Earlier this year, several Americans in jail on currency-violation charges accused Dzu of promising to spring them if they paid him $10,000 to bribe their judges. The investigation was dropped to allow Dzu to run for the presidency. The most energetic and eloquent of the eleven candidates, he daily unleashed a barrage of invective at Thieu and Ky, all the while claiming plots and sabotage meant to damage him.
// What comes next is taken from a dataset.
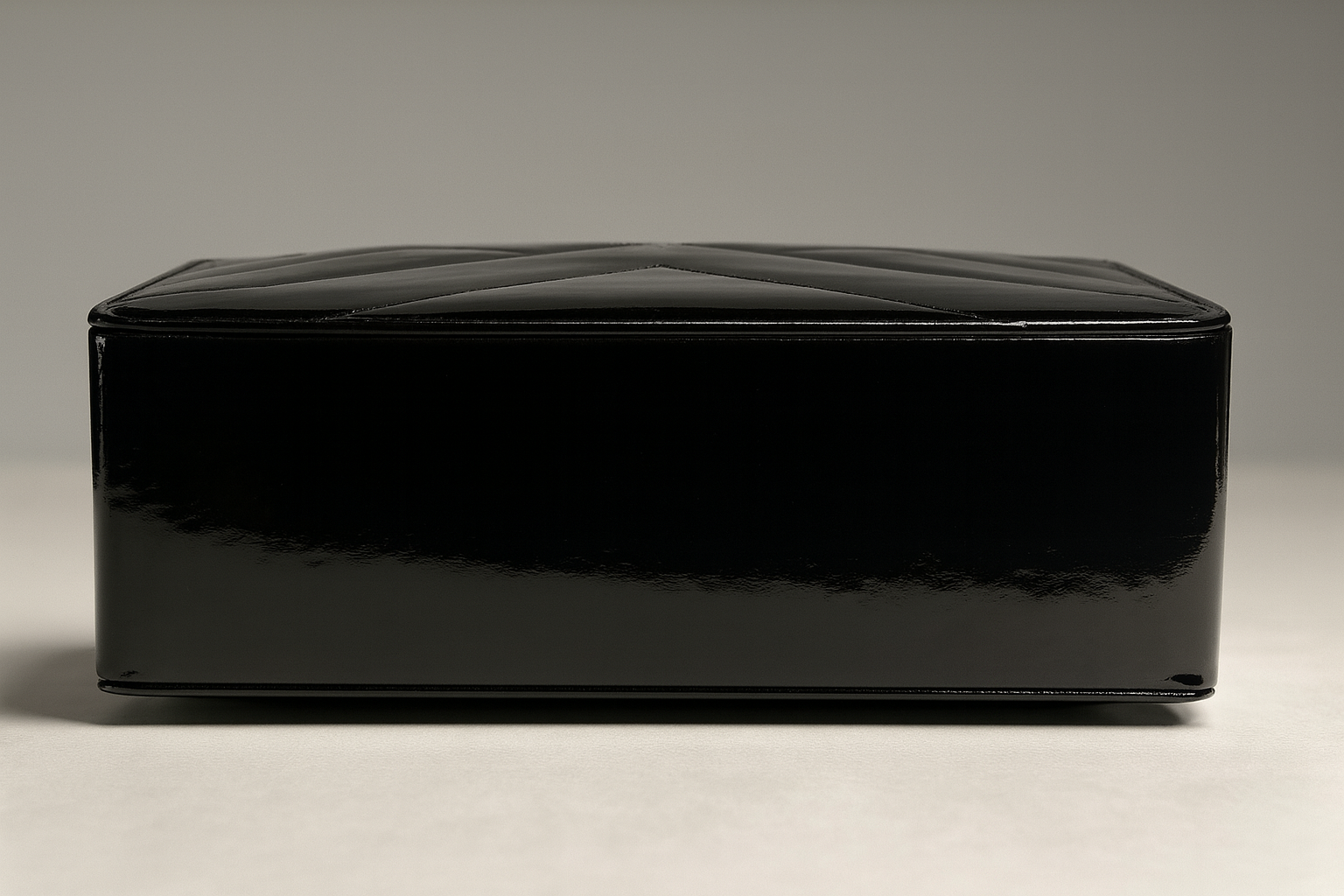 Turn heads with this elegant patent leather handbag, designed for modern sophistication. Featuring a luxurious glossy finish, structured silhouette, and a gold-tone chain strap with buckle closure, this piece is the perfect balance of timeless style and everyday function. Material: Premium patent leather with a smooth sheen Hardware: Polished gold-tone lock closure & chain accents Strap: Adjustable leather strap with chain detail Size: Compact yet spacious enough for essentials

Consistency was no hobgoblin; he first said that he had met with Tri Quang to join forces, then denied it. He said Viet Cong sympathizers had been encouraged by the N.L.F. to vote for him, then he denied that. Everywhere he "demanded" an end to the war, pushing peace like a patent medicine. In fact, his peace proposals differed little from those of the other candidates. Dzu merely shouted his louder and more often.
Not Ministrable. Dzu's very energy made Suu and Huong seem old and tired in comparison. His catcalling at the vested authorities, Ky and Thieu, undoubtedly struck a gleeful chord in a country where, as Henry Cabot Lodge observed in Newsday, "a Vietnamese proverb says that five evils afflict mankind: fire, flood, famine, armed robbery and central government."
Dzu's showing dramatized the essential honesty of the election, but it has not made Thieu's task of transition from military to constitutional rule any easier. Thieu's first job as President is to pick a Premier who, under the constitution, presides over the daily running of the government. Then Thieu must select a Cabinet. The Premier is likely to be his campaign manager, Saigon Lawyer Nguyen Van Loc, or perhaps Suu's running mate, Dr. Phan Quang Dan. In the effort to broaden the base of the government, a goodly number of the Cabinet posts are slated for civilians; Thieu and the U.S. had hoped Huong and Suu would be among those chosen. Even if they do come into the Cabinet now, their prestige is badly tarnished. And Dzu himself, as the French saying goes, is not ministrable. Thieu would not have him, and Dzu would probably not accept, even if asked.